October 17, 2017 09:54
While the world's attention is focused on North Korea's nuclear and missile programs, it has developed its hacking skills into "an almost perfect weapon" and earns as much as US$1 billion a year from cyberheists, The New York Times reported on Sunday.
The North has more than 6,000 hackers trained to steal secrets and money from foreign governments and companies, the daily quoted a U.S. intelligence expert as saying.
"Cyberheists may bring the North as much as $1 billion a year, or a third of the value of the nation's exports," the paper said.
North Korea's hacking was mostly limited to military targets until Kim Jong-un took power in 2011, but has expanded into theft, disrupting intelligence, and propaganda.

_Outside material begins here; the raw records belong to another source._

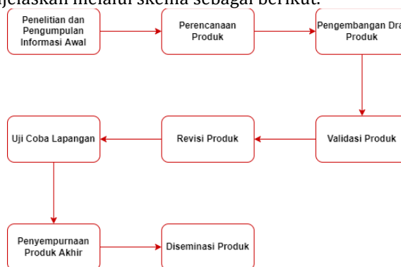
Gambar 1. Desain Penelitian Pengembangan Peneliti

Penelitian ini menggunakan metode penelitian dan pengembangan Research and Development (RnD) dalam prosesnya. Penelitian pengembangan (RnD) bertujuan untuk menghasilkan dan mengembangkan suatu produk sekaligus untuk mengatuhii keefektifan produk tersebut melalui pengujian. Penelitian ini mengadopsi penelitian Borg dan Gall. (Sugiyono, 2019). Beberapa modifikasi telah disesuaikan dengan kondisi peneliti (atas dasar kebutuhan di lapangan, keadaan yang sebenarnya terjadi, dan hal-hal lain) yang dijelaskan melalui skema sebagai berikut.
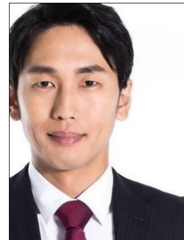
× 顔の一部が切れている
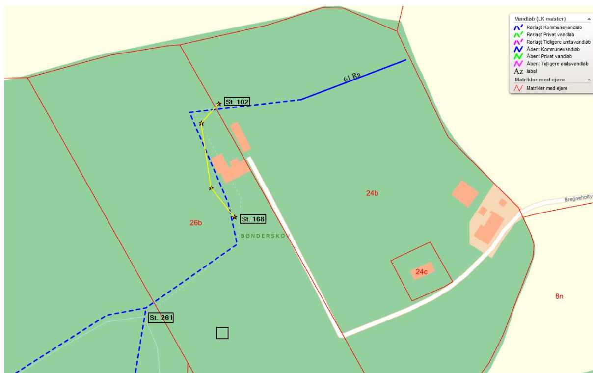
Figur 2. Forlægning af delstrækning af kommunevandløb nr. 61 Ravnsborg fra st. 102 til st. 168, markeret med gul streg
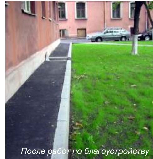
После работ по благоустройству
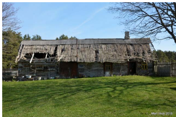
Foto 206. Kahtemetsa vanem pikkhoone.

Lümända-Kulli küla rahvusparki jäävas osas on vaid üks väljaehitatud majapidamine – Kahtemetsa – ning üks abihoone Kästiku maaüksusel. Kahtemetsa on asunikutalu, kus on mitmeid tähelepanuväärseid hooneid, sh käesolevas uuringus väärtuslikuks tunnistatud ait. Huvipakkuvad on aga ka hävimisprotsessis pikkhoone, uuem elumaja ja saun.

Its hackers have targeted Bitcoin and even tried to steal hard currency from the Federal Reserve Bank of New York.
It is believed Iran and North Korea share hacking knowhow along with missile technology. The daily pointed out that a North Korean cyberattack on South Korean banks and broadcasters in 2012 was very similar to an Iranian attack on Aramco, Saudi Arabia’s state-owned oil company, several months earlier.
The North apparently began training hackers in the 1990s.
"Everyone is focused on mushroom clouds," said Robert Silvers, a former assistant secretary for cyberpolicy at the U.S. Department of Homeland Security. "But there is far more potential for another kind of disastrous escalation."